Name/Title
Newell Post, c.1855 | American Civil War U.S. Navy steam screw frigate, U.S.S. WabashDescription
Classification: Furniture
Old Accession Number 2249
Description:
Newell Post from Civil War ship, Wabash. The newell post came from the Civil War ship, Wabash, that was burned at Broad Cove, Eastport, Maine on June 26, 1913.
Gift of Wayne Wilcox, Eastport, Maine.
• From Eastport Sentinel, June 11, 1913, p.2:
Battle ship Wabash to be Burned on
Coney’s Beach.
Following the fate of the old-time warships Vermont and Minnesota that were towed here from the Charlestown navy yard several years ago and burned to recover the copper and other metal contained in their oaken hulls, a sister ship of the Minnesota has now been brought here.

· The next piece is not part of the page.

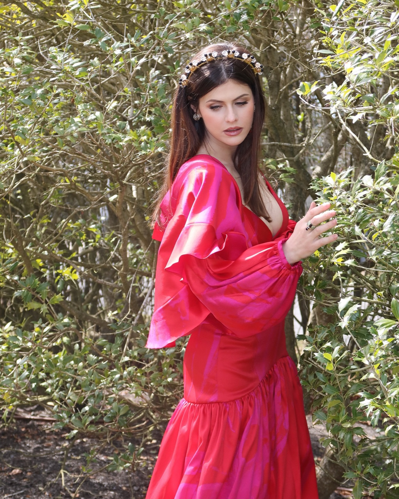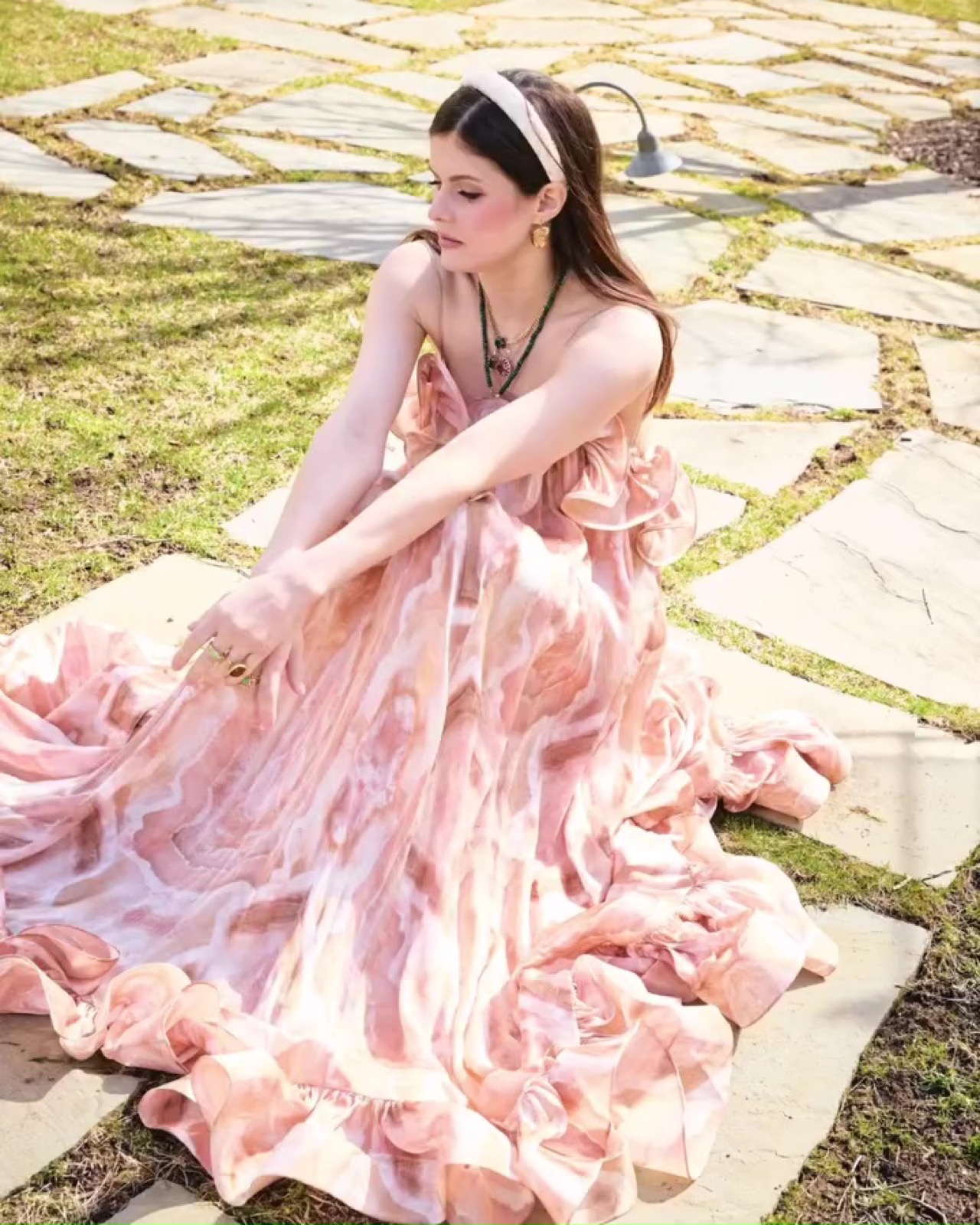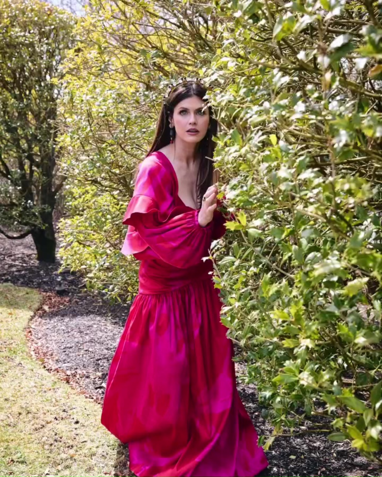Et que dire des roses pastel qu’elle tient comme si elle allait les offrir à un lapin d’Alice au Pays des Merveilles ?

The old wooden battleship, the U.S.S. Wabash, one of the few remaining specimens of the type of frigate that made America supreme on the seas, was towed out of Boston harbor last Thursday bound for Eastport. She arrived here Sunday forenoon in tow of the Lehigh Valley tug Perth Amboy and was grounded at extreme high water on Coney’s beach, Broad Cove, to be burned for her junk. The great rise and fall of the tide at this place, leaving the hulk high and dry on the beach during a part of each day, prompts the owners to bring these old craft way down here and incurring the expense of tonnage for some three hundred miles. The Wabash’s only passengers on her final voyage were “Indian Charlie,” steward on the vessel when it was a training ship, and Charlie’s dog Swea. The Wabash went out of commission at the Charlestown navy yard April 20, 1912, after having served as receiving ship there for 36 years. She was succeeded by the scout cruiser Salem.